A simplified model of a virtual synchronous generator

Emulation of rotational inertia by VSG can be implemented by adjustment of active power in the way similar to a synchronous machine in the swing equation as follows:

$$ {{\Updelta}}P_{\text{inertial}} = 2H_{\text{VSG}} \cdot \omega_{\text{grid}} \cdot \frac{{{\text{d}}\omega_{\text{grid}} }}{{{\text{d}}t}} $$
(13.4)

where H VSG is a virtual inertia constant [s], which can be designed to be equal to the inertia constant of synchronous generator with the same power rating; ωgrid is grid frequency [pu]; ∆P inertial is an adjustment of VSG active power reference for emulation of inertial response.

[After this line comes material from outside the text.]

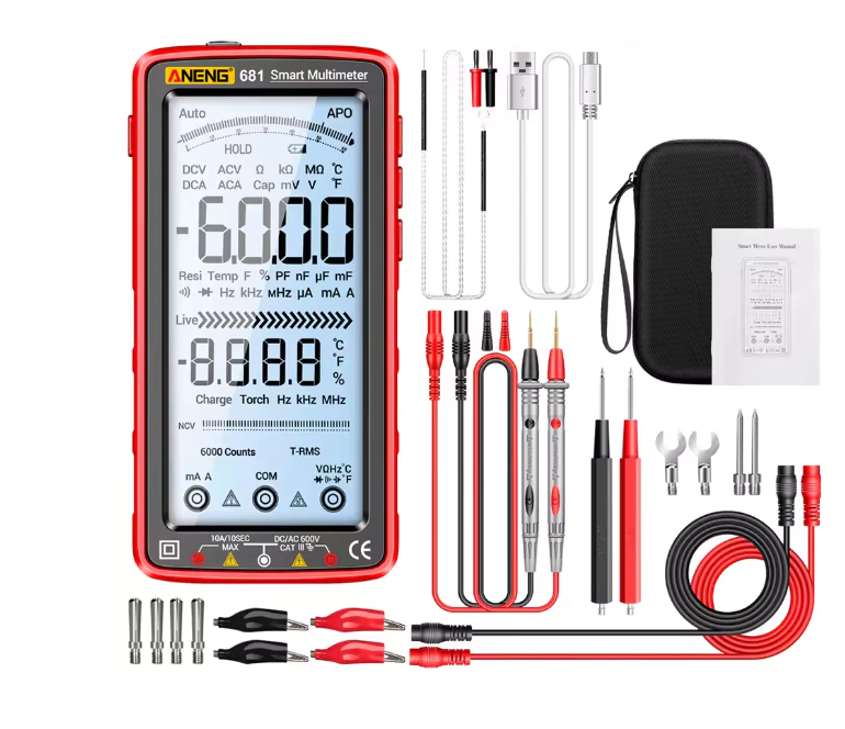 Multimetro ANENG 681 incluye las funciones de medición de voltaje AC/DC, corriente AC/DC, resistencia, capacitancia, temperatura, frecuencia, diodo, encendido/apagado, cable sin fuego, etc.

As power adjustment is directly proportional to frequency deviation, the droop control can be added as follows:

$$ {{\Updelta}}P_{\text{droop}} = K_{\text{droop}} \cdot \left( {\omega_{\text{grid}} - \omega_{{{\text{grid}}\_{\text{ref}}}} } \right) $$
(13.5)

where K droop is a designed droop gain, which can be selected in the similar way as droop gains for traditional power plants. The reference of grid frequency, ωgrid_ref is normally set at 1 pu.

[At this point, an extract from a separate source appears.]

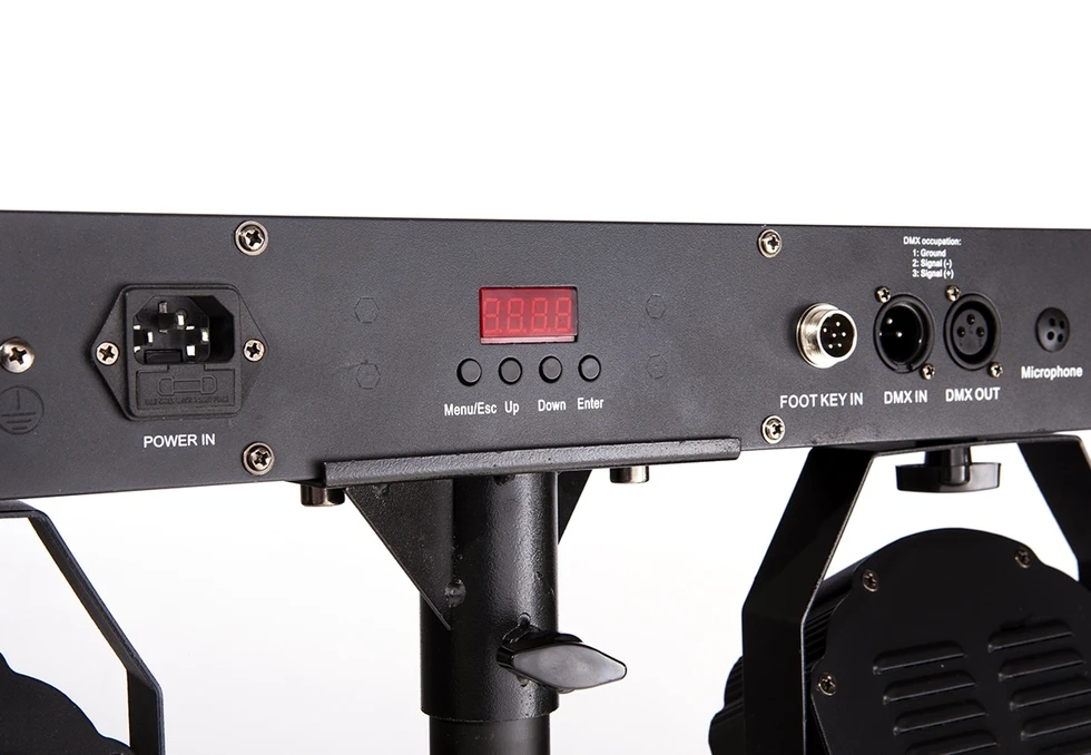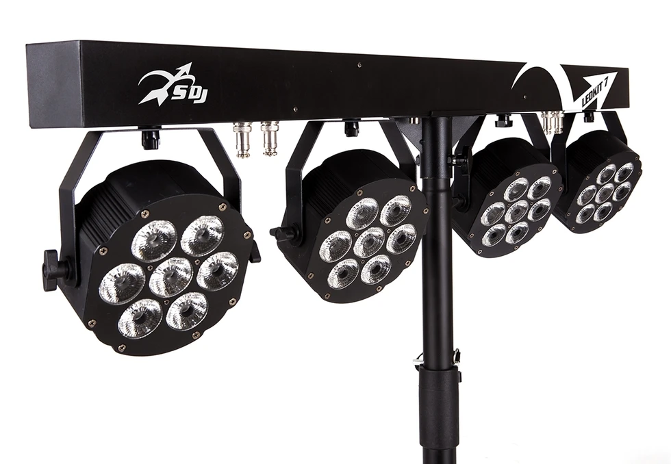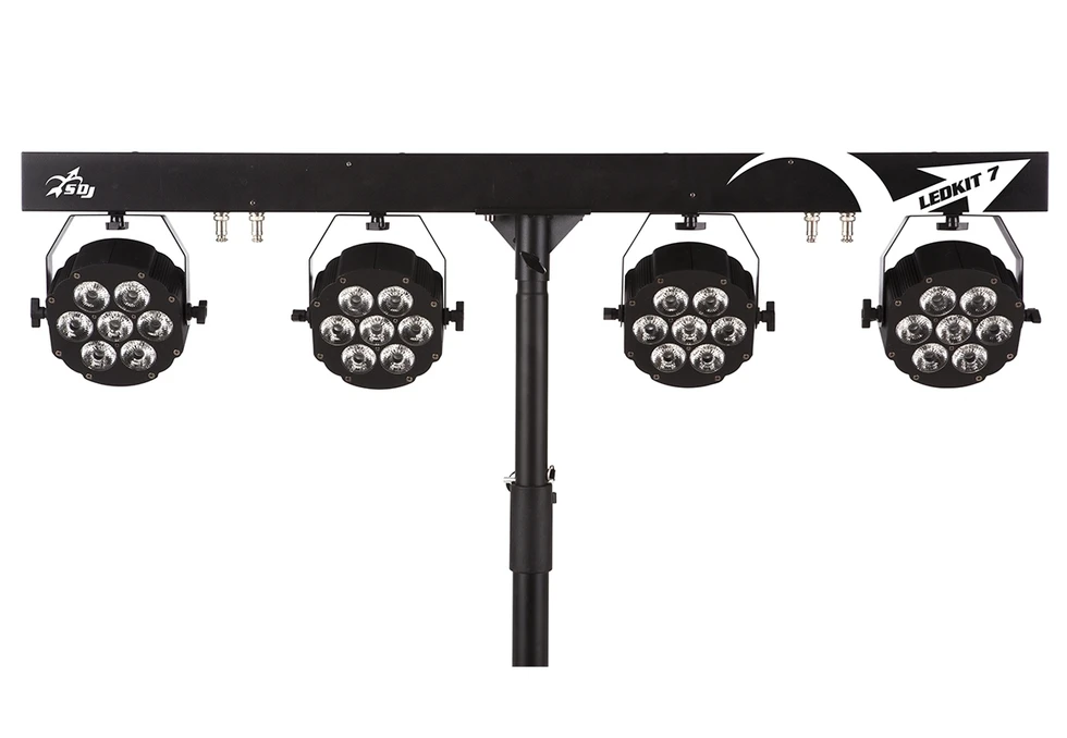 Готовый комплект из 4 прожекторов 7 x 10 Вт RGBW LED с педалью, стойкой 2800 мм и сумкой для переноски. 4/6/10/16/18 DMX-каналов.

Finally, the total active power that has to be adjusted by VSG ∆P VSG can be described as:

$$ \Updelta P_{\text{VSG}} = \Updelta P_{\text{inertia}} + \Updelta P_{\text{droop}} $$
(13.6)

13.4.3.2 Simulation Based Case Study

The performance of VSG was tested in a laboratory setup. The setup includes a programmable source, a controllable AC load, and a VSG. By a pre-defined function, the source respectively decreases or increases the voltage and frequency like in the real grid. This emulated change of frequency is given to the model to test VSG control algorithm.

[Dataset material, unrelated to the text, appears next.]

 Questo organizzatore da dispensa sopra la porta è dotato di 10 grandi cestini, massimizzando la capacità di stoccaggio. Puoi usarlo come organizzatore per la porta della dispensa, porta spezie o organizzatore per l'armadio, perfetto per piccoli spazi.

When the AC load was increased at t = 9 s, the programmable source reacts to decrease the frequency, see Fig. 13.24a. VSG start supplying power to the grid as a rotating mass of the synchronous generator when losing speed. Since the frequency increases, VSG absorbs power like slowing down the rotating mass of the synchronous generator. This contributing inertia and droop control power of VSG to support the grid are shown in Fig. 13.24b, c.

Fig. 13.24
figure 24

Performance of a virtual synchronous generator (VSG) with variable frequency. a Frequency. b Emulated inertia. c Instantaneous inertia and droop power

This initial experiment shows that the inertia of synchronous generators can be emulated by using inverter-interfaced storage. Virtual rotational inertial and power droop controls of VSG have been participated to stabilize the frequency change. A further result about field tests of VSG has been implemented with EU VSYNC project [40].